*Problem to solve:* An unchanged copy of all the lines below is expected, and it should contain no pictures.

*Information supplied:*
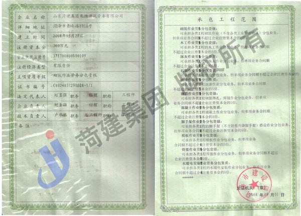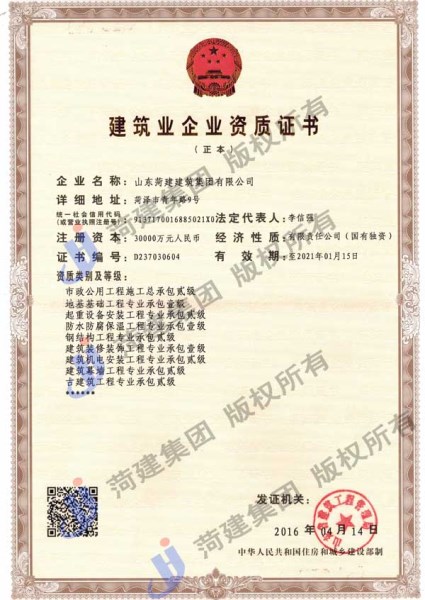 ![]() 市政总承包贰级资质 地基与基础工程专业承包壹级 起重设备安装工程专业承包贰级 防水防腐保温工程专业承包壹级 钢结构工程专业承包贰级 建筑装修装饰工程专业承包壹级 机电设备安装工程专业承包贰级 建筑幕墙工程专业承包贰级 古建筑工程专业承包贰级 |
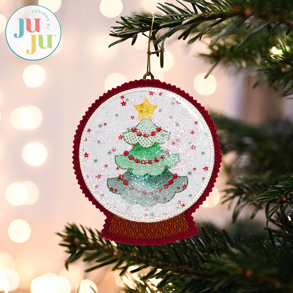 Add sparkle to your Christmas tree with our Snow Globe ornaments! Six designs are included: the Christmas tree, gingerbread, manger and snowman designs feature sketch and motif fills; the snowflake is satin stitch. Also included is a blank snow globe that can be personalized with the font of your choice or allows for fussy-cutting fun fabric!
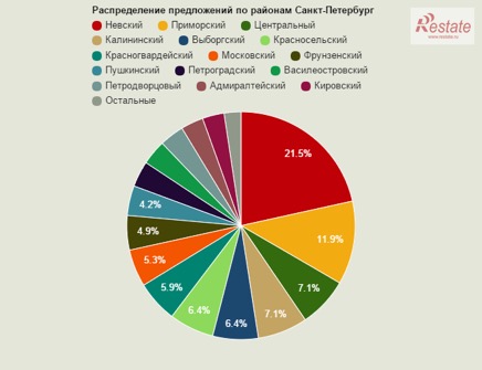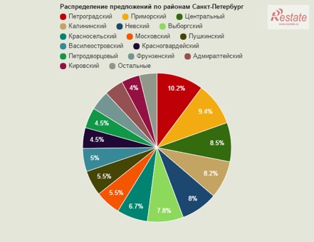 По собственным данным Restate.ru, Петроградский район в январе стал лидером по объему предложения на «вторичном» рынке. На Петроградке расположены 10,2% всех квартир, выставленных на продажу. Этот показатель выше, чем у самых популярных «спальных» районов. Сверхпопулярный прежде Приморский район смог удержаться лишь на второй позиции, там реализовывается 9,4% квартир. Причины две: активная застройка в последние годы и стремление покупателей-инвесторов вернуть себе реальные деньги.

*Output for this task:*
 ![]() 市政总承包贰级资质 地基与基础工程专业承包壹级 起重设备安装工程专业承包贰级 防水防腐保温工程专业承包壹级 钢结构工程专业承包贰级 建筑装修装饰工程专业承包壹级 机电设备安装工程专业承包贰级 建筑幕墙工程专业承包贰级 古建筑工程专业承包贰级 |
 Add sparkle to your Christmas tree with our Snow Globe ornaments! Six designs are included: the Christmas tree, gingerbread, manger and snowman designs feature sketch and motif fills; the snowflake is satin stitch. Also included is a blank snow globe that can be personalized with the font of your choice or allows for fussy-cutting fun fabric!
 По собственным данным Restate.ru, Петроградский район в январе стал лидером по объему предложения на «вторичном» рынке. На Петроградке расположены 10,2% всех квартир, выставленных на продажу. Этот показатель выше, чем у самых популярных «спальных» районов. Сверхпопулярный прежде Приморский район смог удержаться лишь на второй позиции, там реализовывается 9,4% квартир. Причины две: активная застройка в последние годы и стремление покупателей-инвесторов вернуть себе реальные деньги.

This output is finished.